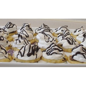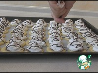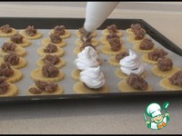 Сверху с помощью кондитерского мешка выдавливаем безе формируя шапочку. Отправляем в разогретую до 170 градусов духовку, запекаем 15-20 минут. |
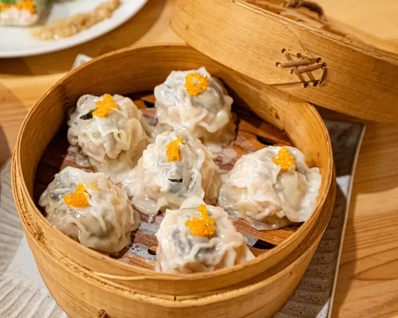 蒸籠で提供される大きめなシュウマイ。中にはなんと牡蠣が入っています。海鮮を使ったシュウマイは海老シュウマイや蟹シュウマイは見かけますが、牡蠣シュウマイは初めてかも。ゴロっと大きなサイズなのも魅力です。
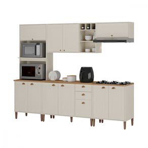 Compõe a cozinha : 1 Paneleiro torre quente 1 Armário aéreo com 2 portas e nichos 1 Armário aéreo de 1 porta 1 Balcão para pia, sem tampo e sem pia 1 Balcão 2 Portas
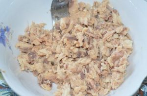 فتح الأغذية المعلبة ، واستنزاف السائل ، وقطع من الماكريل إرسالها إلى وعاء ومقطعة بشوكة.
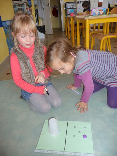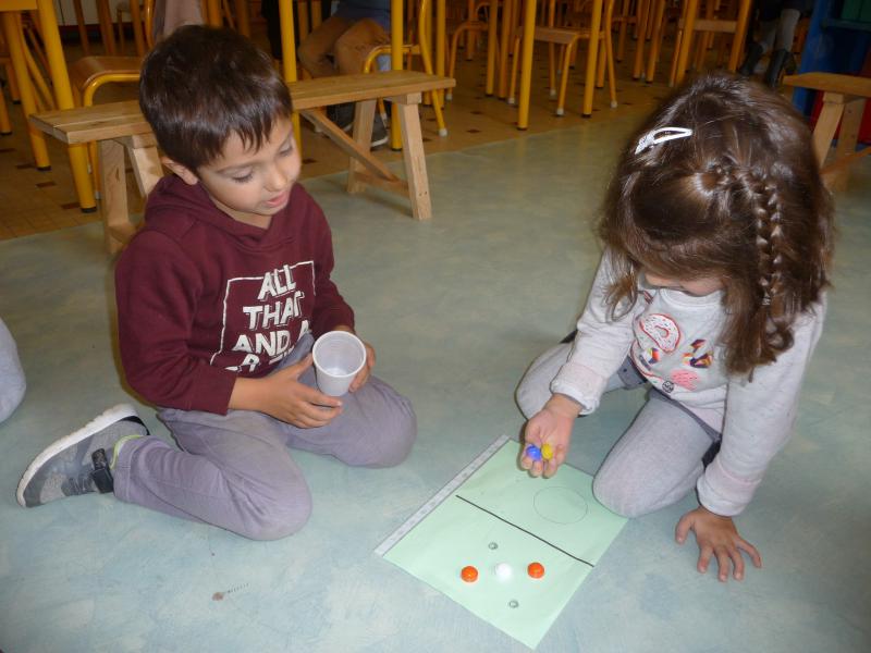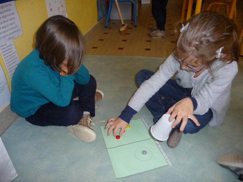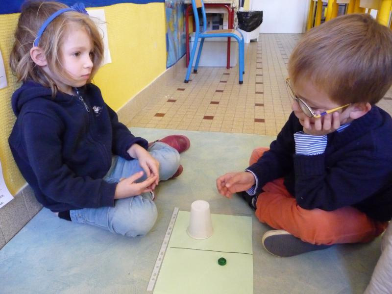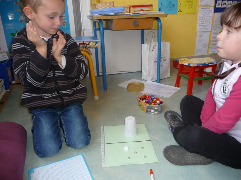 Ils doivent donc se représenter mentalement la quantité 5 pour savoir combien de lapins sont dans le terrier… c’est plus difficile ! On vérifie en soulevant le gobelet.
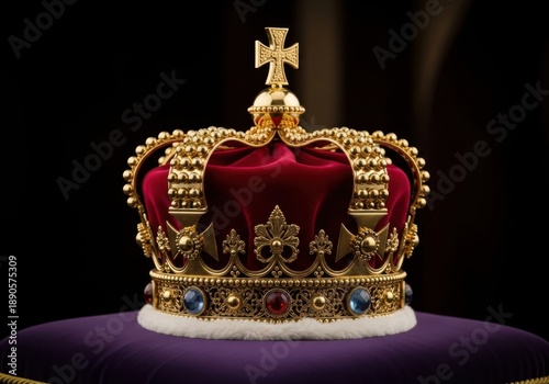 crown, gold, jewellery, royals, regalia, precious, gem, velvet, pedestal, dark, luxury, ornate, metalwork, adorned, royalty, symbol, power, prince, king, queen, princess, tiara, headpiece, famous, expensive, red, purple, gem, blues, cross
____
What is needed.
Restate word for word the lines beginning with the one that contains "Compõe a cozinha" and ending with the last line of the listing; pictures stay out.

Task answer.
 Compõe a cozinha : 1 Paneleiro torre quente 1 Armário aéreo com 2 portas e nichos 1 Armário aéreo de 1 porta 1 Balcão para pia, sem tampo e sem pia 1 Balcão 2 Portas
 فتح الأغذية المعلبة ، واستنزاف السائل ، وقطع من الماكريل إرسالها إلى وعاء ومقطعة بشوكة.
 Ils doivent donc se représenter mentalement la quantité 5 pour savoir combien de lapins sont dans le terrier… c’est plus difficile ! On vérifie en soulevant le gobelet.
 crown, gold, jewellery, royals, regalia, precious, gem, velvet, pedestal, dark, luxury, ornate, metalwork, adorned, royalty, symbol, power, prince, king, queen, princess, tiara, headpiece, famous, expensive, red, purple, gem, blues, cross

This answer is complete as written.